- Anjil Nesam Location within Iran
- Coordinates: 36°35′09″N 53°11′27″E﻿ / ﻿36.58583°N 53.19083°E
- Country: Iran
- Province: Mazandaran
- County: Miandorud
- District: Central
- Rural District: Kuhdasht-e Gharbi

Population (2016)
- • Total: 396
- Time zone: UTC+3:30 (IRST)

= Anjil Nesam =

Village in Mazandaran province, Iran

Anjil Nesam (انجيل نسام) (Note: Also romanized as Anjīl Nesām; also known as Anjīl Nesā) is a village in Kuhdasht-e Gharbi Rural District of the Central District in Miandorud County, Mazandaran province, Iran.

==Demographics==
===Population===
At the time of the 2006 National Census, the village's population was 451 in 118 households, when it was in Kuhdasht Rural District (Note: Renamed Kuhdasht-e Sharqi Rural District) of the former Miandorud District in Sari County.

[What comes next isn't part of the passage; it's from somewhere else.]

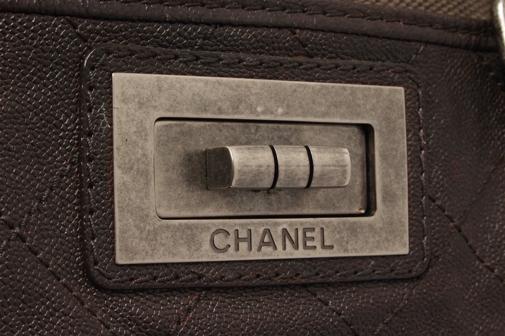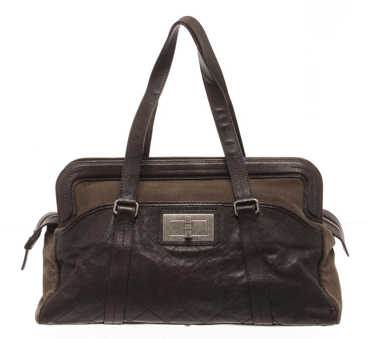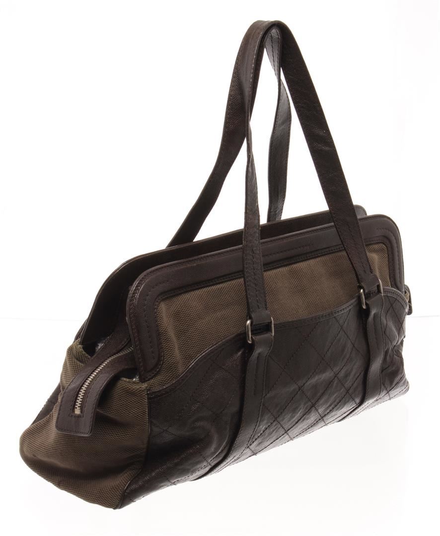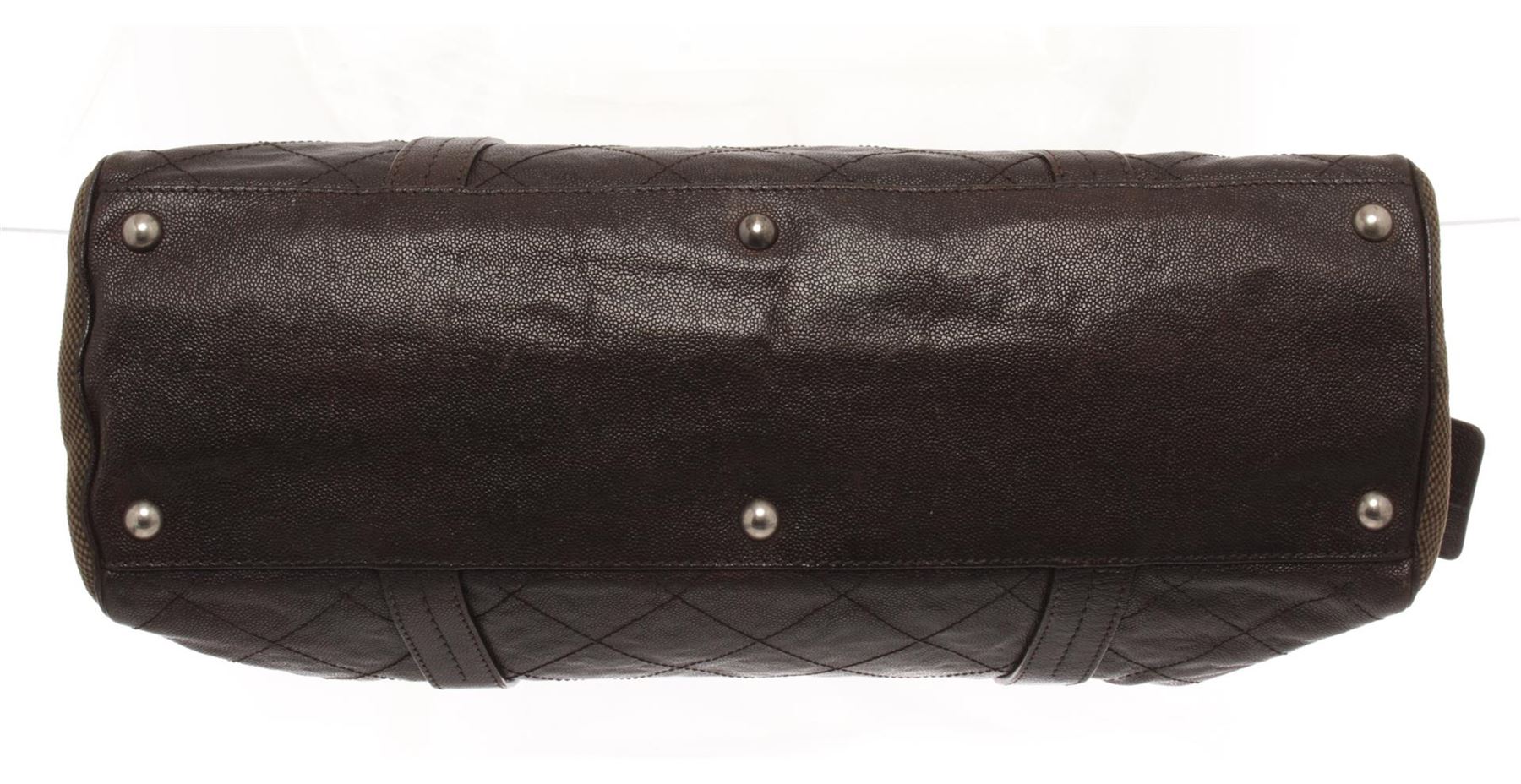 One Chanel Brown Leather Green Canvas Large wild Stitch Bag. Item is sold AS-IS. All available information is listed in the description and shown in the photo. chanel brown leather green canvas large wild stitch bag with caviar leather & quilted pattern, antiqued silver-tone hardware, flat handles, dual exterior pockets, canvas lining & three interior pockets, zip closure at top. Height: 9", Width: 14.75", Depth: 5" / 22.86 x 37.46 x 12.7 cm

The following census in 2011 counted 421 people in 127 households, by which time the district had been separated from the county in the establishment of Miandorud County. The rural district was transferred to the new Central District and renamed Kuhdasht-e Sharqi Rural District. Anjil Nesam was transferred to Kuhdasht-e Gharbi Rural District created in the same district. The 2016 census measured the population of the village as 396 people in 132 households.